Change the toggle to off, and you'll see some checkboxes under the Robots Meta heading.

Check the box for No Index and click the Update button for your post. This post will not be indexed by search engines and will not appear in search results. This process may take a while for Google to de-index your URLs.

Handling External Links to Blocked Pages

If external sites link to a blocked page, Google may still index it using limited data. To resolve this, contact the external site and request they update their link to a more relevant URL. Alternatively, use AIOSEO’s Redirect Manager to create a 301 redirect from the blocked page to a suitable URL. This ensures both users and search engines are directed to the correct content.

NOTE:
The Redirection Manager feature is available to customers with a Pro plan or above for All in One SEO Pro.

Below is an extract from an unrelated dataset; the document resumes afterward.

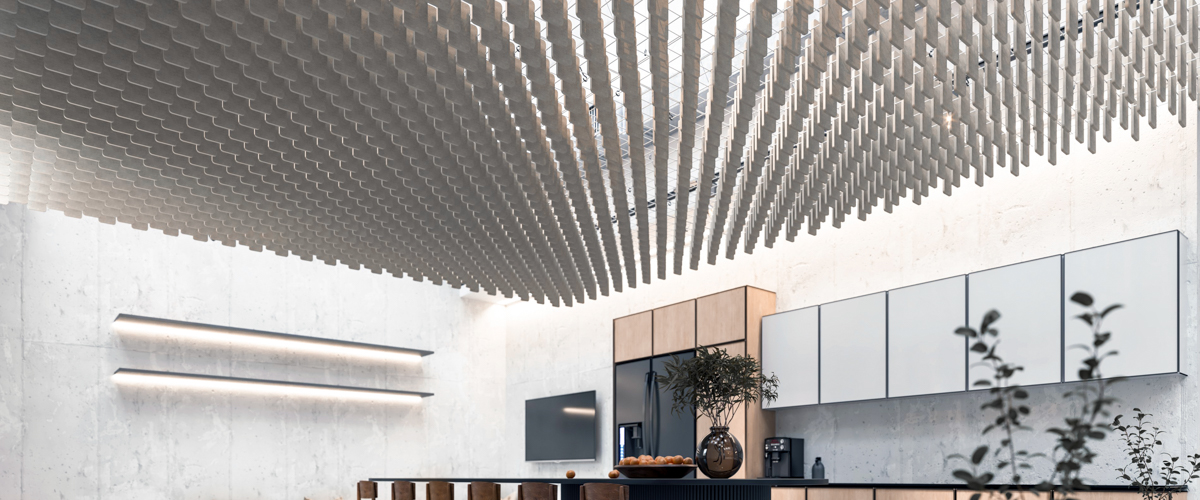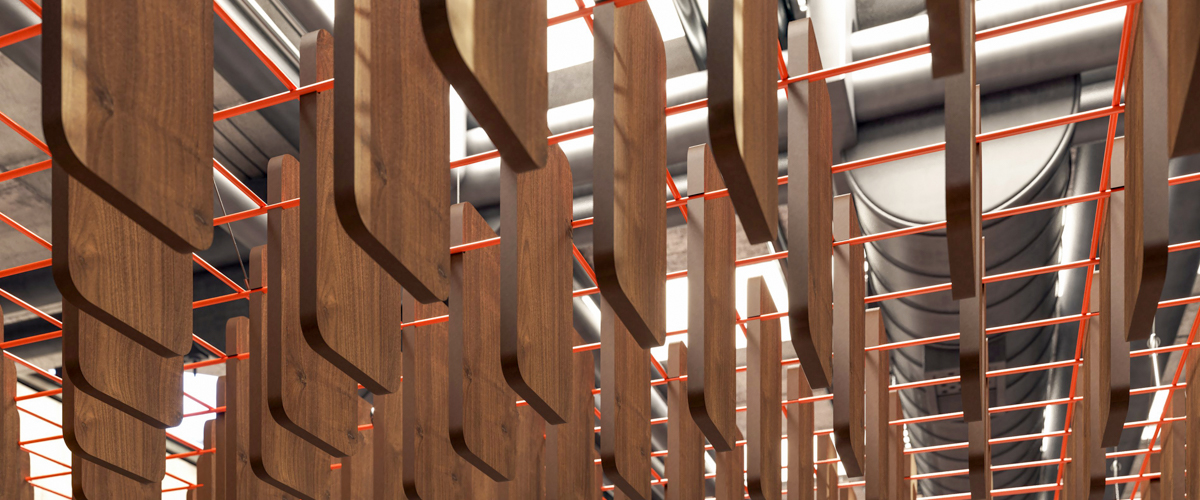 Le produit Zintra Mesh Baffles du fabricant ZINTRA classé dans la catégorie Faux plafonds fixes et démontables > Traitement acoustique particulier > Baffles acoustiques suspendues est référencé dans la Matériauthèque digitale Materiaux.archi.

Upgrade to All in One SEO Pro today to get Redirection Manager and many more features!

Ask Google to Revalidate Your URLs

After applying these fixes, log in to your Google Search Console and use the URL Inspection Tool to test the affected URL.

Click Request Indexing to notify Google of the changes. This step prompts Google to re-crawl the page and update its status accordingly.

If you’ve resolved all instances of the error, you can ask Google to revalidate your URLs in bulk. On the Page Indexing page in Google Search Console, click the Validate Fix button. This informs Google that the issues have been addressed and the URLs are ready for indexing.

Occasionally, Google might report false positives. In such cases, revalidation ensures these URLs are reviewed again.

NOTE:
If you missed a fix, validation will stop when Google finds a single remaining instance of that issue.

Also, it’s important to remember that, you shouldn’t click Validate fix again until validation has succeeded or failed. You may learn here how Google checks your fixes.

You can monitor the validation progress. Validation typically takes up to about two weeks, but in some cases can take much longer, so please be patient. You will receive a notification via your email when validation succeeds or fails.

Avoiding Similar Issues in the Future

To prevent this error from recurring:

Regularly review your robots.txt file to ensure it aligns with your indexing goals.
Use Noindex Meta tags for pages that should not appear in search results, rather than blocking them in robots.txt.
Monitor your site’s crawling and indexing issues using Google Search Console and AIOSEO’s built-in tools.

The “Indexed, though Blocked by robots.txt” error can be resolved by updating your robots.txt file, adjusting meta directives, or managing external links. By leveraging AIOSEO’s comprehensive tools, you can address these issues effectively and maintain a healthy, optimized website.